India's Anglo-Indian community – a legacy of British rule on the subcontinent – is fighting for its survival as increasing numbers of their young men and women marry Indian partners.
There are an estimated 500,000 Anglo-Indians throughout the world – including in Britain, Canada, Australia and Pakistan – but in India itself their population has dipped to an estimated 150,000. At the time of India's independence in 1947 there were half a million Anglo-Indians in the country.
The community developed from mixed marriages between British officers, squaddies, tea planters and railway workers and local Indian women in the 19th century. Since then they have developed a unique hybrid culture which carefully preserves a pre-War sense of English identity. This largely Christian community has traditionally centred on some of India's largest cities, including Calcutta, Madras, Bangalore, New Delhi and the Kolar Gold Fields of Karnataka.
Many of its leading figures have thrived in India's armed forces, where the current Air Chief Marshal N. A. K Browne is an Anglo-Indian, and in the country's extensive railways, which they once dominated. The actor Ben Kingsley, entertainers Sir Cliff Richard and Engelburt Humperdink, and the former Olympic athlete Sebastian Coe, are claimed by the community as some of their highest achievers.

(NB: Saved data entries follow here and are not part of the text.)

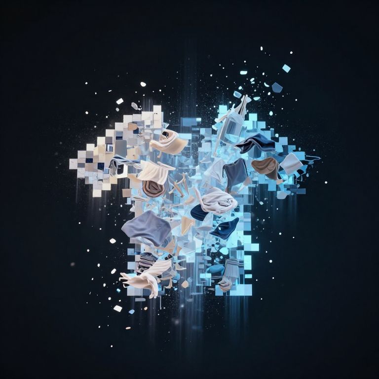Clothing remover theme represented by an abstract creative interpretation, showing clothes gently dissolving into pixels or light beams, set against a dark background with glowing fragments, futuristic and surreal atmosphere.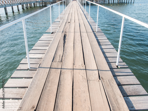 Wood bridge with eye line on blue sea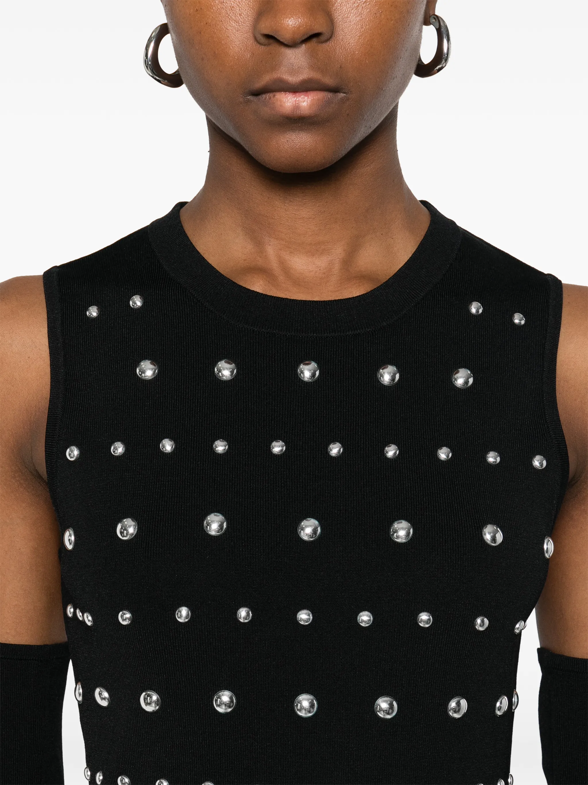 Черные, украшения с оборками на подоле, без рукавов, с круглым вырезом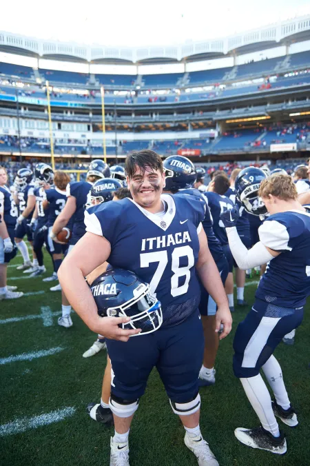 Nick Capodilupo ‘24 on the field at Yankee Stadium for the 2022 Cortaca Jug game versus SUNY Cortland.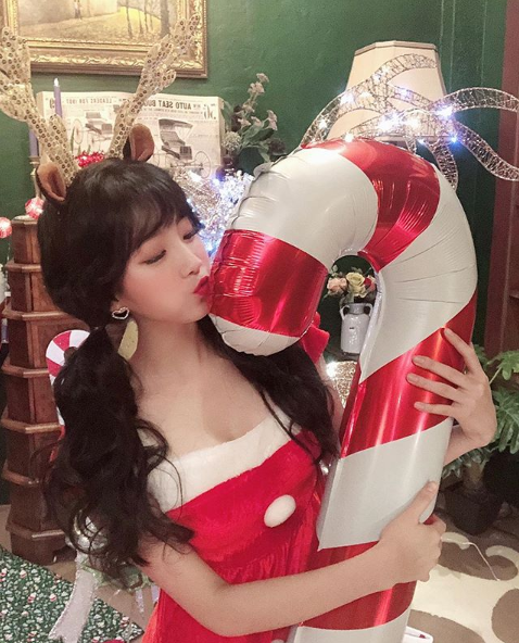 공개된 사진 속 안지현은 다가올 크리스마스를 맞아 섹시 산타로 변신한 모습. 안지현은 루돌프 뿔장식이 달린 머리띠와 사탕 장식 모양의 풍선을 들고 크리스마스 분위기를 물씬 풍겼다.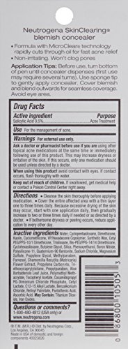 ReleaseDate : 2010-11-23 Studio : Neutrogena Cosmetics Publisher : Neutrogena Cosmetics Binding : Misc. Product Description Neutrogena SkinClearing Blemish Concealer features MicroClear technology to quickly reduce the appearance of blemishes for clearer-looking skin. Developed with by dermatologists, this oil-free and non-comedogenic formula is easy to apply and provides natural-looking color. Cover blemishes for a beautifully flawless look. 0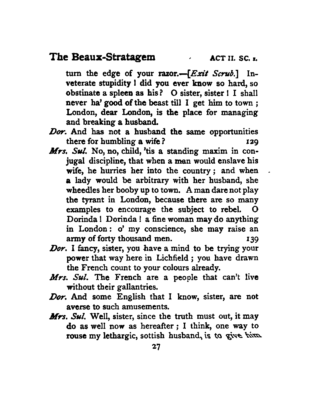 The Author. 'It is surprising,' says Mr. Percy Fitzgerald, 'how much English Comedy owes to Irishmen.' Nearly fifty years ago Calcraft enumerated eighty-seven Irish dramatists in a by no means exhaustive list, including Congreve, Southerne, Steele, Kelly, Macklin, and Farquhar—the really Irish representative amongst the dramatists of the Restoration, the true prototype of Goldsmith and Sheridan. Thoroughly Irish by birth and education, Captain George Farquhar (1677-1707) had delighted the town with a succession of bright, rattling comedies—Love and a Bottle (1698), The Constant Couple (1699), Sir Harry Wildair (1701), The Inconstant (1702), The Twin Rivals (1702), The Recruiting Officer (1706). In an unlucky moment, when hard pressed by his debts, he sold out of the army on the strength of a promise by the Duke of Ormond to gain him some preferment, which never came. In his misery and poverty, with a wife and two helpless girls to support, Farquhar was not forsaken by his one true friend, Robert Wilks. Seeking out the dramatist in his wretched garret in St Martin's Lane, the actor advised him no longer to trust to great men's promises, but to look only to his pen for support, and urged him to write another play. 'Write!' said Farquhar, starting from his chair; 'is it possible that a man can write with common-sense who is heartless and has not a shilling in his pockets?' 'Come, come, George,' said Wilks, 'banish melancholy, draw up your drama, and bring your sketch with you to-morrow, for I expect you to dine with me. But as [vi]an empty purse may cramp your genius, I desire you to accept my mite; here is twenty guineas.' Farquhar set to work, and brought the plot of his play to Wilks the next day; the later approved the design, and urged him to proceed without delay. Mostly written in bed, the whole was begun, finished, and acted within six weeks. The author designed to dedicate it to Lord Cadogan, but his lordship, for reasons unknown, declined the honour; he gave the dramatist a handsome present, however. Thus was The Beaux-Stratagem written. Farquhar is said to have felt the approaches of death ere he finished the second act. On the night of the first performance Wilks came to tell him of his great success, but mentioned that Mrs. Oldfield wished that he could have thought of some more legitimate divorce in order to secure the honour of Mrs. Sullen. 'Oh,' said Farquhar, 'I will, if she pleases, solve that immediately, by getting a real divorce; marrying her myself, and giving her my bond that she shall be a widow in less than a fortnight' Subsequent events practically fulfilled this prediction, for Farquhar died during the run of the play: on the day of his extra benefit, Tuesday, 29th April 1707, the plaudits of the audience resounding in his ears, the destitute, broken-hearted dramatist passed to that bourne where stratagems avail not any longer.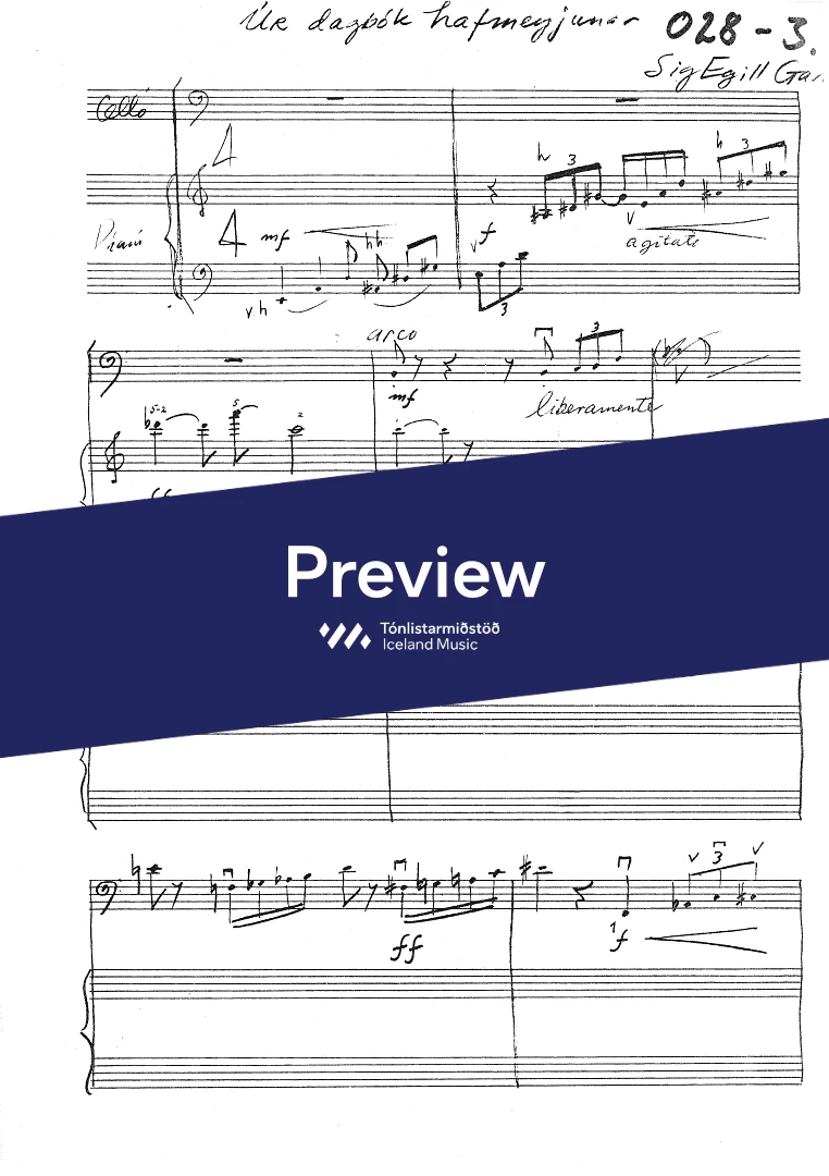 Composer Sigurður Egill Garðarsson Year composed1978 Categories Chamber works InstrumentationPiano, Cello Catalogue no.028-003 ISMN-

Recent DNA tests show that the Duke of Cambridge 'has Indian ancestry'. The Duke of Cambridge may be heir to the throne and born to wealth and privilege, but he is also a member of
racial minority - that he is an Anglo-indian. A geneticist at Edinburgh University has confirmed that DNA tests from members of his family have proved he has an Indian descendent on his mother’s side. Six generations before him, Eliza Kewark, a housekeeper, had a relationship with one of his mother Princess Diana’s ancestors, Thoedore Forbes, and bore him several children, including a daughter, Katherine, in 1812. Ms Kewark has, until now, always been thought to have been an Armenian living in India, where she met Theodore Forbes, a Scottish noble working for the East India Company which then ruled much of India. But DNA testing on saliva samples from William’s relatives by Jim Wilson, a geneticist at the University of Edinburgh, and the company Britain’s DNA have established beyond doubt that she was in fact an Indian. The clinching evidence is a rare type of DNA, R30b, found so far in only 14 others, all Indian except for one person, from neighbouring Nepal. Their discovery makes William one of the world’s dwindling number of Anglo-Indians.

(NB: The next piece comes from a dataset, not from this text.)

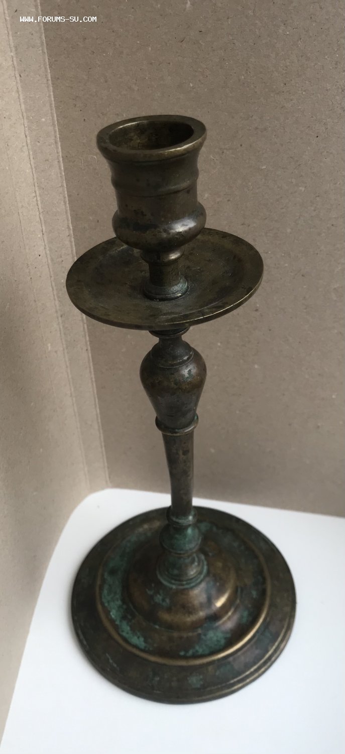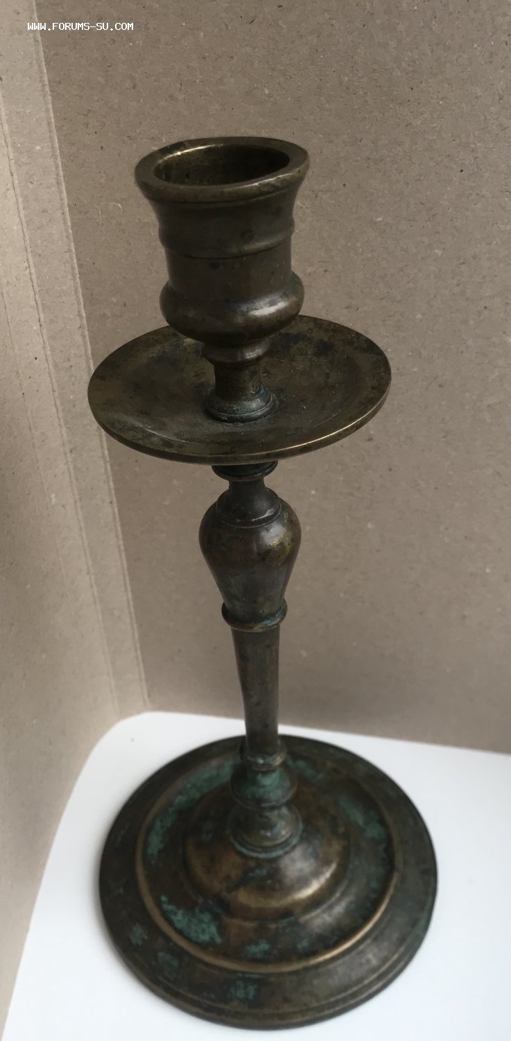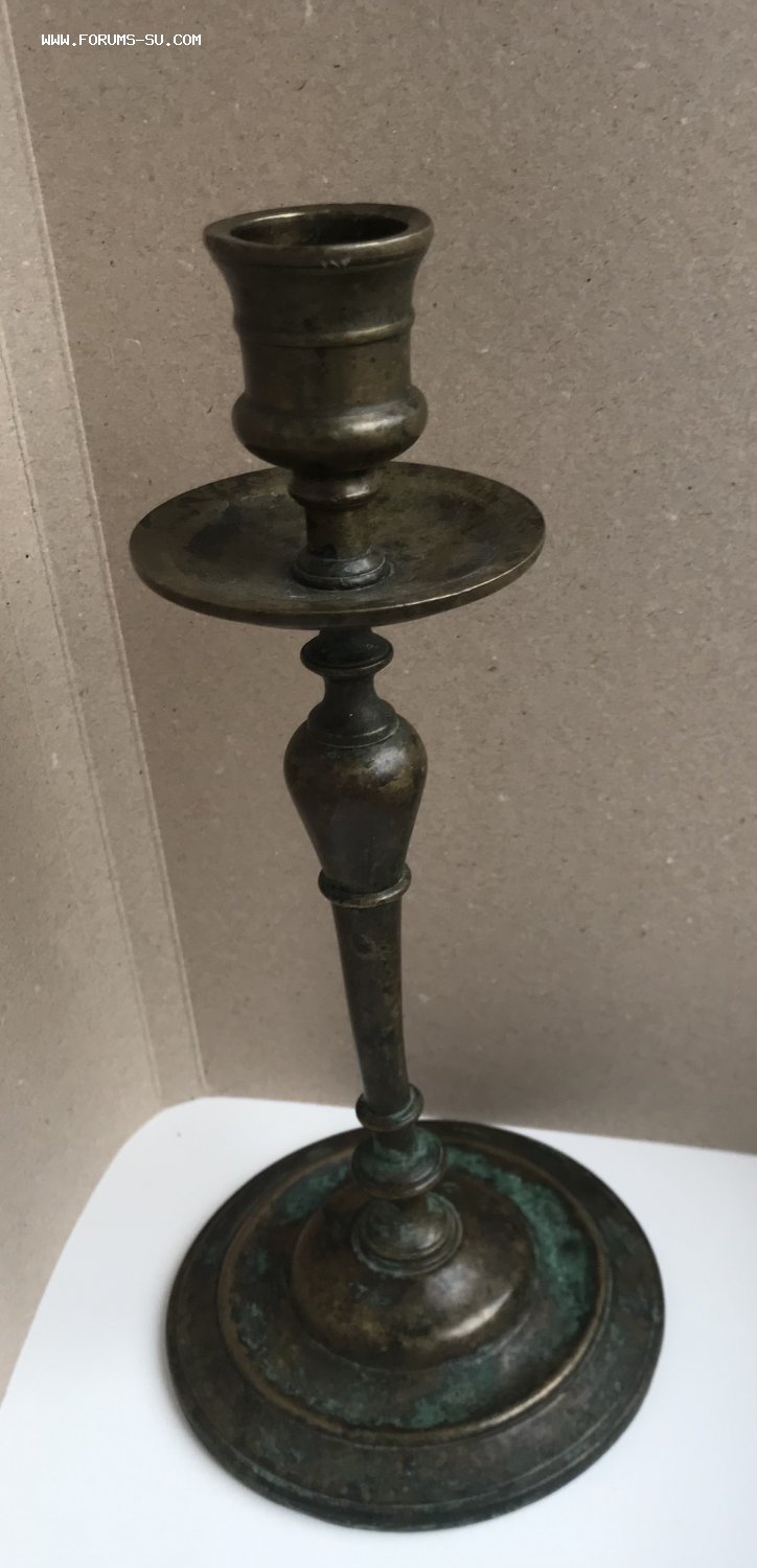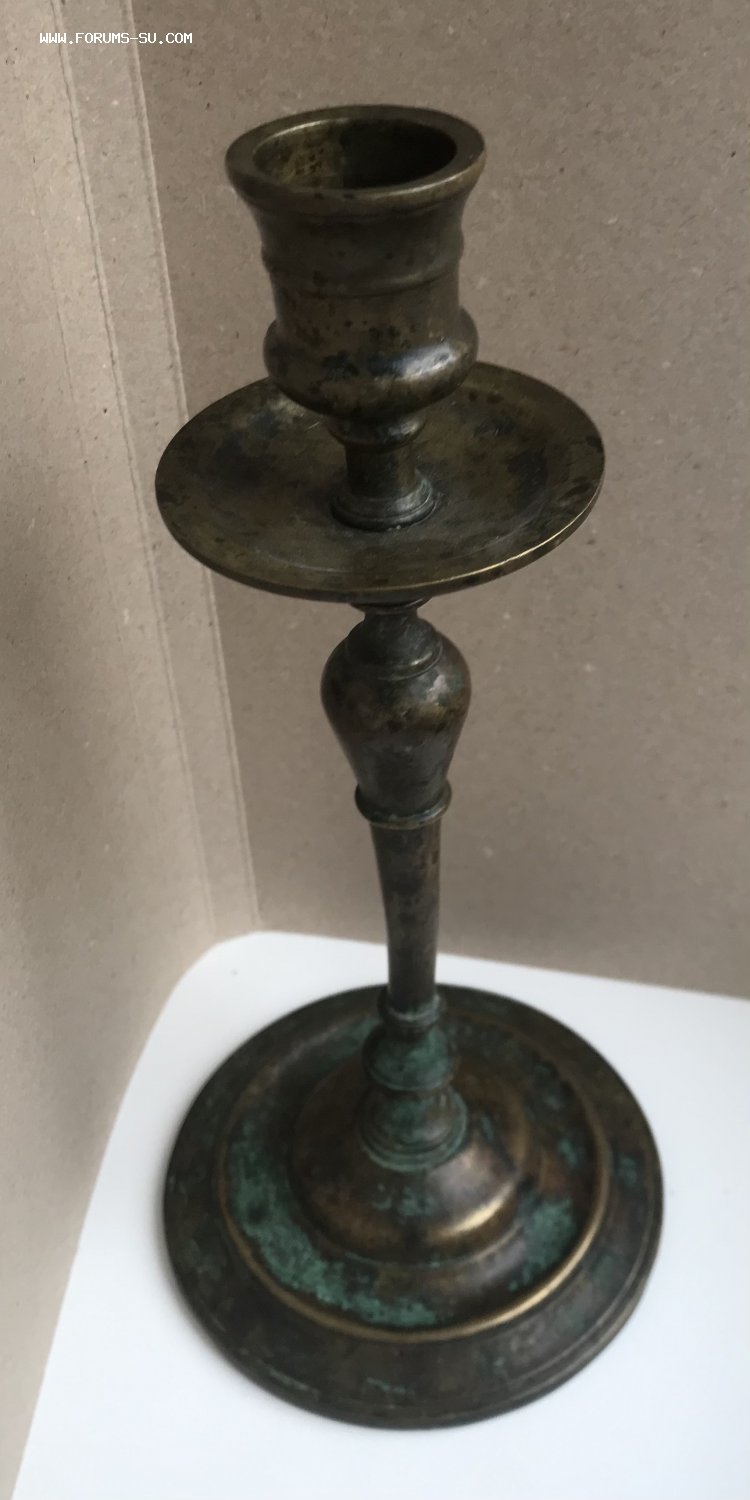 Большой дореволюционный бронзовый подсвечник. Высота 23 см, диаметр основания 11 см, под свечу диаметром 2,5 см.

Anglo-Indians were discriminated against by the British during the Raj because of racism and many were consigned to work on India’s railways where they continued to work after independence. Many were the result of secret affairs between tea planters and Indian pickers on their estates or relationships between British soldiers and local girls. Because of this they were also discriminated against by many Indians. Their women were often referred to in derogatory terms as ‘Chutney Marys'.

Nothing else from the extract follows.